Working adults (ages 18 to 64) represent 63% of the population and account for 72% of all low back pain (LBP) health care visits.1Low back pain has been identified categorically as acute, subacute, or chronic, depending on the onset, duration, and severity.1,2 Risk factors have included occupational posture, depressive moods, obesity, gender, and age, and risk is most likely affected by a combination of several of these variables.2 Low back pain is not a disease but rather a group of signs and symptoms that affects all age groups across the lifespan. It has been shown to be more common from age 35 to 55, with a higher prevalence in women.2,3
The World Health Organization anticipates that as the world population ages, the incidence of LBP will increase substantially and become 1 of the leading conditions for which the aging population will seek out medical intervention.2
Acupuncture may help improve quality of life as well as reduce lost workplace productivity through more effective and sustained pain relief.4,5 Stimulating nerves located in muscles and other tissues with the application of fine needles may lead to the release of endorphins and other neuro-humoral factors.6 The expected result is a change in pain processing between the brain and spinal cord.
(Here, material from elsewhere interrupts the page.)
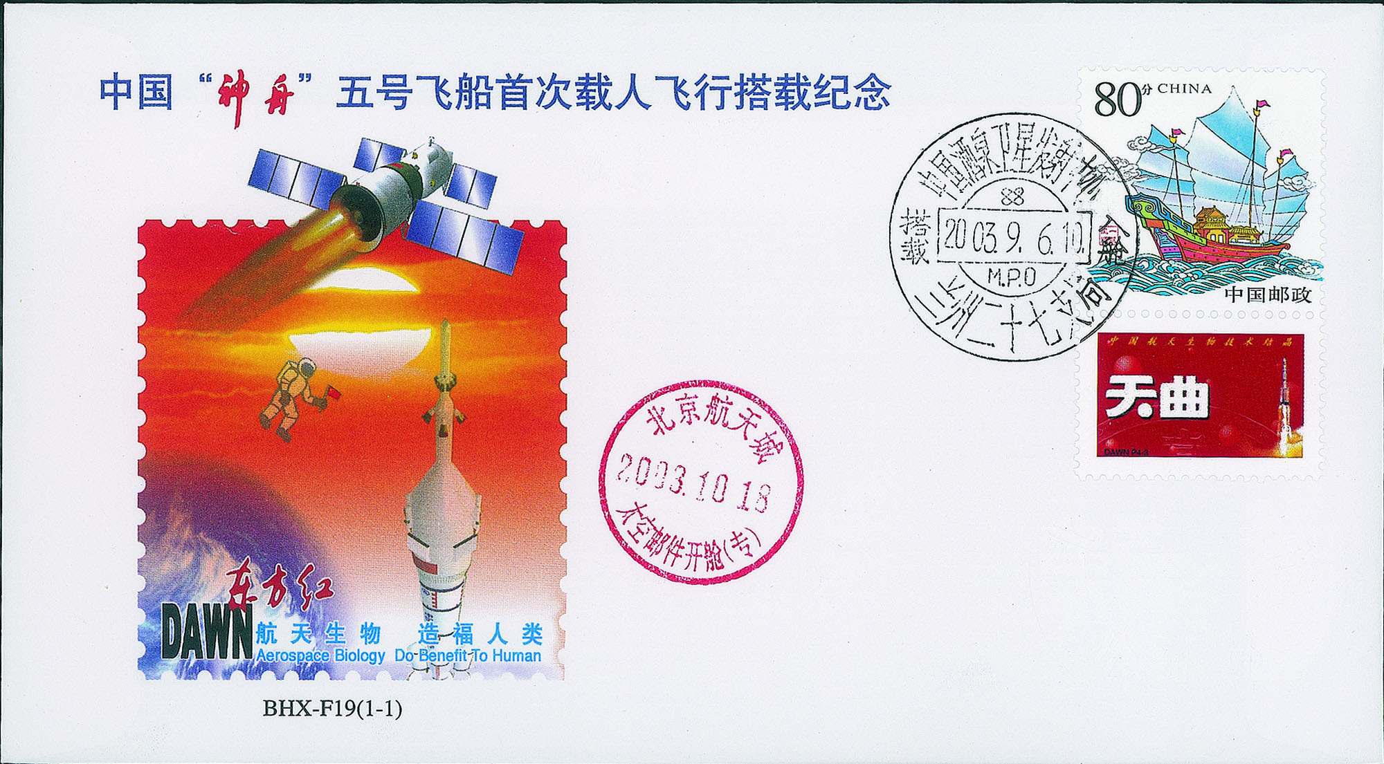 Primo volo umano cinese (15.10.2003), comandante Yang LiWei - cosmogramma ufficiale n.138 di 200 emesso dal Beijing Aerospace Post Office con ann. del 6.9.2003 e 18.10.2003 al verso - al recto in rosso il raro red spaceship cachet 2003.10.18 + bollo a secco dell'ufficio notarile - allegata busta commemorativa con data di lancio del 15.10.2003 emessa da CMSE con firma autografa del comandante Yang LiWei - la Cina diventò così la terza nazione al mondo a effettuare voli spaziali umani - rara e di ottima qualità - cert. notarile in cinese
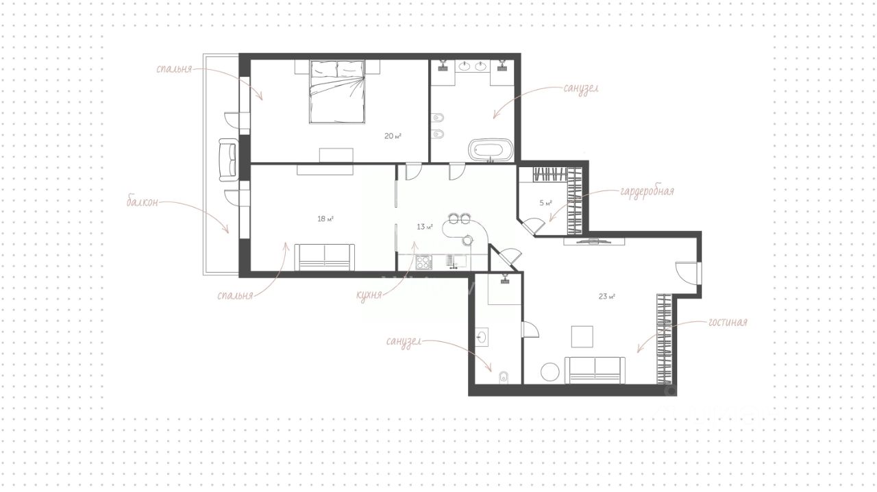 Функциональная планировка включает гостиную с проектором, кухню, две спальни с выходом на просторный балкон, ванную комнату, гостевой санузел с душевой, гардеробную. Благодаря панорамному остеклению пространство наполнено естественным светом и теплом.

Acupuncture has demonstrated efficacy in reducing inflammation by promoting the release of vascular and immunomodulatory factors and increasing local microcirculation.6-8 In turn, this may support better joint movement and relief of muscle stiffness as well as aid the healing of swelling and bruising.6,7
While the evidence for acupuncture remains inconclusive, there are a growing number of studies offering clinical support for the benefits of using acupuncture to address LBP.6-10 (See Four Pillars of Chinese Medicine)
Four Pillars of Chinese Medicine
- Looking at physical attributes such as the face, eyes, gait, and tongue is the first pillar. We examined the map of the tongue as it laid out the internal viscera and details of the tongue such as shape, color, texture, moisture, coating thickness and color, size of the papillae, and movement, as these features can be very revealing.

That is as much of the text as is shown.